UA Museums’ Collections Spotlight: Spanish Reales

UA Museums’ Collections Spotlight: Spanish Reales

The silver Spanish coins were recovered during an excavation in downtown Tuscaloosa.

The silver Spanish reales were recovered by the Office of Archaeological Research in 2013 while excavating in downtown Tuscaloosa before the construction of the Embassy Suites on University Boulevard. The largest of the three is a shield-type real minted between 1572 and 1621 in Peru; the second was minted in Mexico City in 1806; and the smallest, also minted in Mexico, dates from 1797.

The corner where Embassy Suites now stands is one of the longest-occupied blocks in the city of Tuscaloosa, and between 1829 and 1841 was home to Alabama’s first chartered state bank. Though the United States had begun minting coins in 1793, Spanish reales were still accepted as legal tender in the states, as they had been throughout the colonial period, on the grounds that the metals of which the coins were made, in this case silver, had value no matter which country produced it.

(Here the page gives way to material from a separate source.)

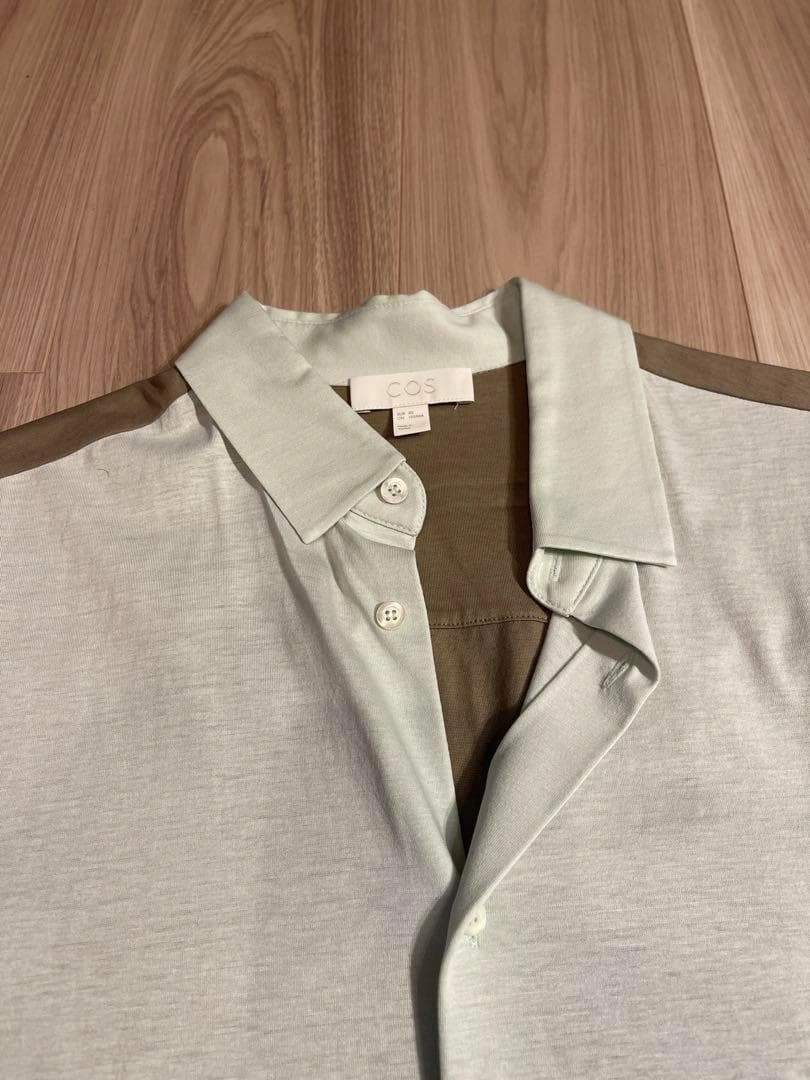 ライトグレーとブラウンの配色が特徴の半袖シャツです。ポリエステル混紡素材で快適な着心地です。 #COS - ブランド: COS - 色: ライトグレー/ブラウン - スタイル: 半袖シャツ - 素材: ポリエステル混紡 - サイズ: XS 柄...無地 カラーデザイン...ボタンダウン(BD) カラー...カーキ系 汚れ・破れ・臭いなど...なし ご希望の方はお気軽にご連絡ください。

The Archaeological Collection holds more than one million artifacts, associated documents and photographic images documenting the history of human occupation in the southeastern United States and beyond. Artifacts from Moundville Archaeological Park, the site of one of the largest prehistoric Native American settlements in North America, form a major part of the collection. The collection is housed at the Erskine Ramsay Archaeological Repository, and supports collection–based research both at home and abroad by students, academics and professionals.

WIlliam R. Allen, archaeology collections manager for The University of Alabama Museums, provided the above information.